Output exactly the lines that come between the start of the material and the line containing "Liam – Denim", both ends included, with the pictures omitted.

GIVEN INFORMATION:
------------------------------------------------------------
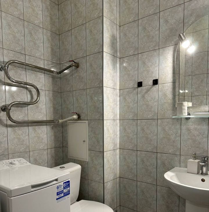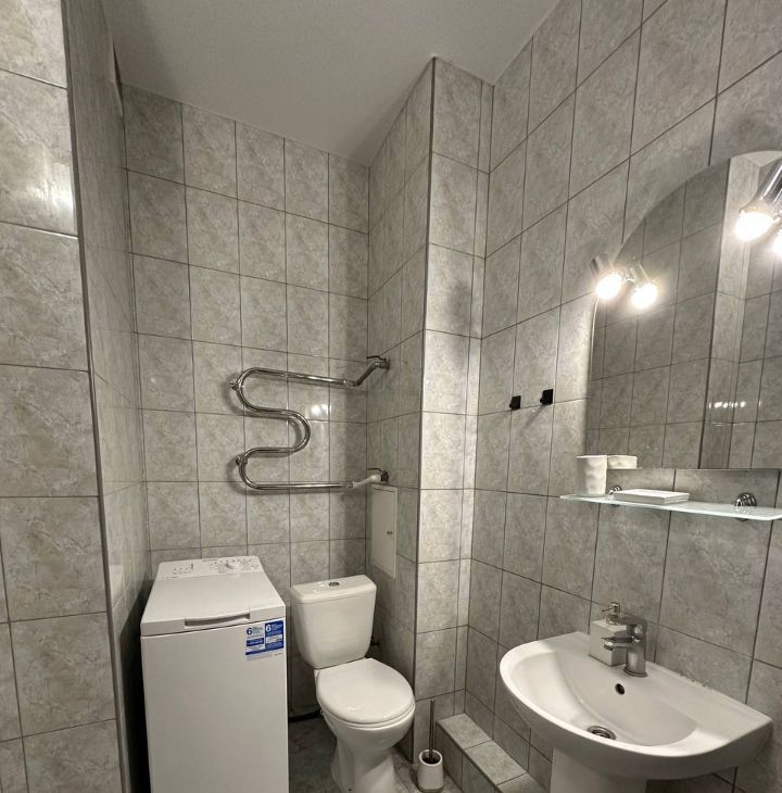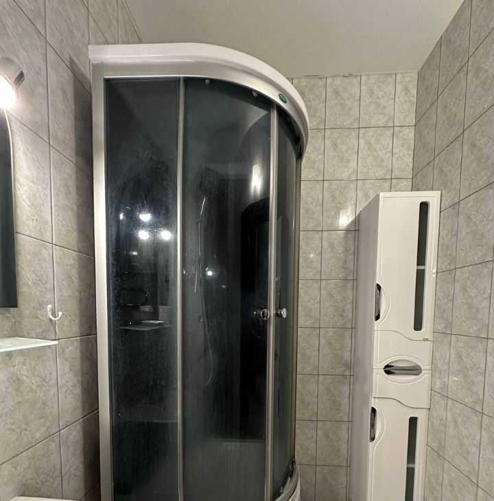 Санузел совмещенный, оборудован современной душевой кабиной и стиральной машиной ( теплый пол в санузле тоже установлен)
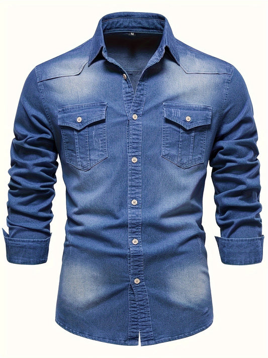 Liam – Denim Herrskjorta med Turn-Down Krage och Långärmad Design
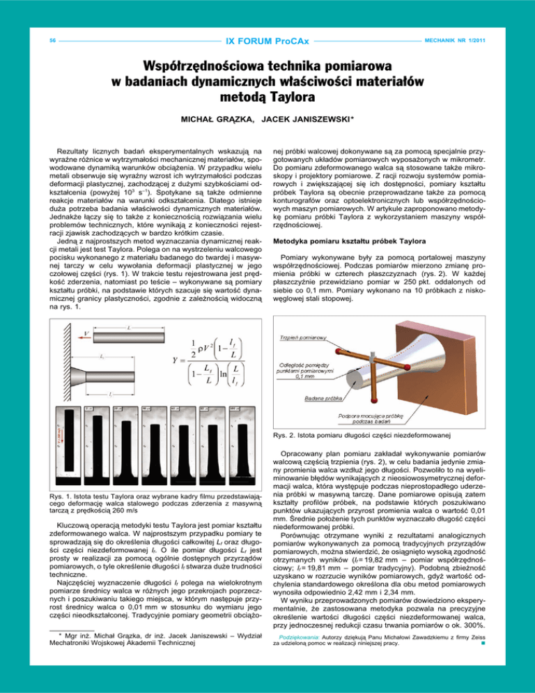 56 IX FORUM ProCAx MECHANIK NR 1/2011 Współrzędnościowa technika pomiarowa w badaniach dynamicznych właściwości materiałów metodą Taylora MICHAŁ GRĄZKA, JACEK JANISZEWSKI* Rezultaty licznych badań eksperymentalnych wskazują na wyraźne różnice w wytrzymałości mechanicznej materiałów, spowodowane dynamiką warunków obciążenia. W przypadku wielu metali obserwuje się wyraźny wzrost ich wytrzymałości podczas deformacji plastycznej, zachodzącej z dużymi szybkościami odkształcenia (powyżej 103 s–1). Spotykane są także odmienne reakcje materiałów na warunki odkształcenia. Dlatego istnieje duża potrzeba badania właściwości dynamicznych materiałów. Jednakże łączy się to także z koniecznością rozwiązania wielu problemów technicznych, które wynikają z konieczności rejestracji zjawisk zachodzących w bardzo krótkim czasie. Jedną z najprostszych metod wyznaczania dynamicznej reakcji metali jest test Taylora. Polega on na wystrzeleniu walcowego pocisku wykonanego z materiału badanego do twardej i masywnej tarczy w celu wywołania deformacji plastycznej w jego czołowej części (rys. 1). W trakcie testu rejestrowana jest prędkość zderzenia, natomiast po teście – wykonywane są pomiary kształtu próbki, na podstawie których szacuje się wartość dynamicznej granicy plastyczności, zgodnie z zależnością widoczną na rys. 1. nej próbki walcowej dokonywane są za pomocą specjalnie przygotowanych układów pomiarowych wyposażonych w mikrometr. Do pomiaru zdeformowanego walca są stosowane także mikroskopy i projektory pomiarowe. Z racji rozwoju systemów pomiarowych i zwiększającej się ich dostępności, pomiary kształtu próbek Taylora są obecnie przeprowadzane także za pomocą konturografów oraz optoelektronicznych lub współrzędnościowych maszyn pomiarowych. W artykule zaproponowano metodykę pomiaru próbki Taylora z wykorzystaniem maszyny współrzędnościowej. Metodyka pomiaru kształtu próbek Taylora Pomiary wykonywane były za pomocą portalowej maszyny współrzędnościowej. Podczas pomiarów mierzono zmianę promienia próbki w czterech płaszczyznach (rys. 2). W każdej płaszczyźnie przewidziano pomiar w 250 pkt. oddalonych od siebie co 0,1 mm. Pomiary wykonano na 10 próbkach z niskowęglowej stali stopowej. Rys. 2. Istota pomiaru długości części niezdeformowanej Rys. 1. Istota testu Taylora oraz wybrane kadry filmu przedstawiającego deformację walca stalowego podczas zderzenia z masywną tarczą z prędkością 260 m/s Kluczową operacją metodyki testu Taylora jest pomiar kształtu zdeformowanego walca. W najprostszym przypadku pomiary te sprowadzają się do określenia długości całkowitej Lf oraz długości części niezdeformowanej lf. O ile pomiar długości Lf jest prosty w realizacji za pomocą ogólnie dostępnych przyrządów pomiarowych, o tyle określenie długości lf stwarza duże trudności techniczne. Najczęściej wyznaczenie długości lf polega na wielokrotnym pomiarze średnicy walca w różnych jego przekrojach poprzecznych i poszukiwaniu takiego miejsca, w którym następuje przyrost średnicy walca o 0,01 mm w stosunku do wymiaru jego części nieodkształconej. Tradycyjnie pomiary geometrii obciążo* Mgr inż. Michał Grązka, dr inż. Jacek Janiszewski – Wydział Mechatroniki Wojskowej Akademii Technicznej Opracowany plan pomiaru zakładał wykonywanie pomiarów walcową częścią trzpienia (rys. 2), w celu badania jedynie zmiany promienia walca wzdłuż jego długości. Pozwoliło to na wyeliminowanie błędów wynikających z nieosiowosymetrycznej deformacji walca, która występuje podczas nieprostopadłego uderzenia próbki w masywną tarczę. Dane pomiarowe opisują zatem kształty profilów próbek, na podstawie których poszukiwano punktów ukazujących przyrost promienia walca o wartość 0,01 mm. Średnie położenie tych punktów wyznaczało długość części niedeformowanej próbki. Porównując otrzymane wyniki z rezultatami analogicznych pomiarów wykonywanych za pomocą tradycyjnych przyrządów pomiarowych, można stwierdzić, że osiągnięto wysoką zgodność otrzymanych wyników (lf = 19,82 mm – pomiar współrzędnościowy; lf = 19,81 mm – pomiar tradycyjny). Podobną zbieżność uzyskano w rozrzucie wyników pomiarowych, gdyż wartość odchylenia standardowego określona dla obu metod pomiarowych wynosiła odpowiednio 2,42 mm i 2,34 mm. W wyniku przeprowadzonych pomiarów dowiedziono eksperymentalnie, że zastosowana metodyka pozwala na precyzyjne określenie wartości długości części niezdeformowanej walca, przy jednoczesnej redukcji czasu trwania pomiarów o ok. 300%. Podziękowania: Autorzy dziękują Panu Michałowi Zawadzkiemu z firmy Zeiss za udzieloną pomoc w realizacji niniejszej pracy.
------------------------------------------------------------
SOLUTION FOR THIS TASK:
 Санузел совмещенный, оборудован современной душевой кабиной и стиральной машиной ( теплый пол в санузле тоже установлен)
 Liam – Denim Herrskjorta med Turn-Down Krage och Långärmad Design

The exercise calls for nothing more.